That’s why a lot of people get blindsided. They look up the age of consent, decide they understand the risk, and then find out the case is also about photos, chats, or file sharing.

A digital mind map centered on the topic of age of consent accusation with surrounding legal concepts.

Why one set of facts can lead to different charges

The biggest trap is assuming the close-in-age rule works the same way across every offense. It doesn’t.

The Texas State Law Library’s age of consent guidance explains that the Romeo and Juliet defense is not a universal shield. It may apply to indecency with a child charges under Texas Penal Code § 21.11 with a 3-year age gap, but other statutes such as Sexual Performance of a Child under Texas Penal Code § 43.25 can define a minor as under 18 and may only allow a 2-year age gap defense.

That means a 19-year-old with a 16-year-old partner could face felony charges depending on the specific conduct alleged.

A real-world example of the gap

Take a dating relationship between two people who believe they are in a consensual situation.

If the allegation is one kind of physical conduct, the defense analysis may focus on the close-in-age rule you just read about. But if the case involves explicit images, saved videos, forwarded files, or screenshots from Snapchat, prosecutors may look at a different statute entirely.

Same relationship. Different legal path.

That’s why “but the age of consent is 17” is an incomplete answer. It may explain one rule while missing another one that creates separate criminal exposure.

Charges that often complicate these cases

Common issues can include:

  • Explicit images: Photos or videos can trigger charges outside the core sexual assault statute.
  • Saved chats and cloud backups: A person may think something disappeared, but the record may still exist on a device or account.
  • Forwarding or showing content to others: Sharing can create a second layer of legal risk.
  • Interstate communication: If travel or cross-state messaging enters the picture, the risk analysis gets more serious.

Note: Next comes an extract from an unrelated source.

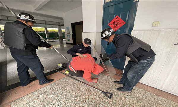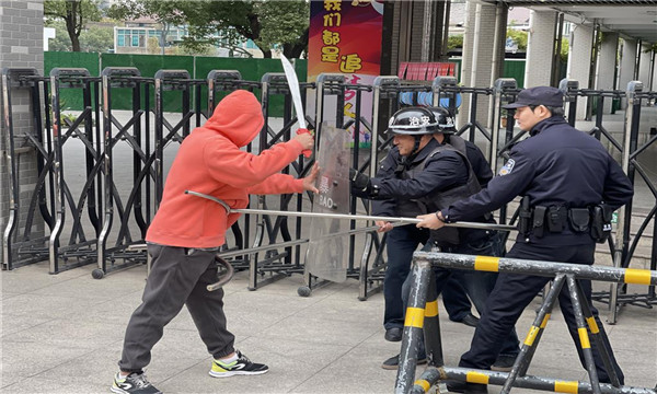 与此同时,学校安保人员与应急处理小组第一时间启动应急预案。安保人员手持防暴器械,迅速赶往“事发”区域进行先期处置与周旋,为后续措施争取时间。各楼层安全岗教师迅速就位,确保通道畅通与信息传递。演练还模拟了报警、校内广播预警、人员清点等环节,全面检验了学校应急预案的可行性和各部门的协同联动能力。

The legal question is often not “Was there a relationship?” It’s “What exact conduct does the State claim happened, and which statute are they using?”

Why statute-by-statute analysis matters

Defense strategy in these cases starts with careful sorting. Your lawyer has to identify each possible charge, match it to the right statute, and test whether any defense fits that statute.

That’s more important than is often realized. A family may think they’ve found relief after reading about Romeo and Juliet protections, when the accusation on the table is really about digital content governed by a different rule.

This is one reason online self-help goes wrong. General articles often answer the question “what's the legal age of consent in texas” as if that ends the analysis. In practice, the answer often opens the door to a more detailed review.

Potential Penalties and Long-Term Consequences

The legal penalty is serious enough on its own. Under the rule discussed earlier, sexual intercourse with a person younger than 17 can be charged as a second-degree felony punishable by 2 to 20 years in prison and fines up to $10,000 under Texas sexual assault penalties and related law.

A person standing at a crossroads with a large shadow shaped like an arrow displaying the word Penalties.

But the penalty chart is only part of the story. In real life, people often feel the damage much earlier.

The arrest can hurt you before court does

According to this discussion of collateral consequences after an age-of-consent arrest in Texas, even with a successful close-in-age defense, an arrest record can appear on background checks and jeopardize college admissions, employment, professional licensing, and housing applications. Those consequences can hit before any conviction or acquittal, which is why quick action toward dismissal and later expungement matters.

That practical point gets overlooked in a lot of articles. People focus on whether they can beat the charge. They should. But they also need to think about the months in between.

What collateral damage looks like

The fallout may include:

  • Work problems: Employers may place you on leave, decline hiring, or ask questions you aren’t ready to answer.
  • School pressure: Colleges, graduate programs, and student organizations may react to the arrest itself.
  • Licensing issues: Nurses, teachers, real estate professionals, and other license holders can face reporting concerns.
  • Housing barriers: Landlords and property managers may flag an arrest even without a conviction.

These problems don’t wait for a jury verdict. They can start with a booking entry and an online record.

Here’s a short overview that helps explain why these cases carry so much weight:

Conviction is not the only outcome you need to care about

A strong defense aims at more than avoiding prison. It also tries to reduce the spread of damage.

That may include protecting your job, managing how and when information is disclosed, avoiding statements that make expunction harder later, and pursuing record-clearing relief if the case ends favorably. If there is a conviction, post-conviction relief may still matter. If there is a dismissal, you may still need formal action to clean up the record.

The case may end in court. The consequences often continue in the background unless someone actively addresses them.

Why timing matters

People sometimes wait because they hope the accusation will fade or the complainant’s family will calm down. That delay can be expensive. Once records circulate, employers search, and agencies ask questions, the problem becomes harder to contain.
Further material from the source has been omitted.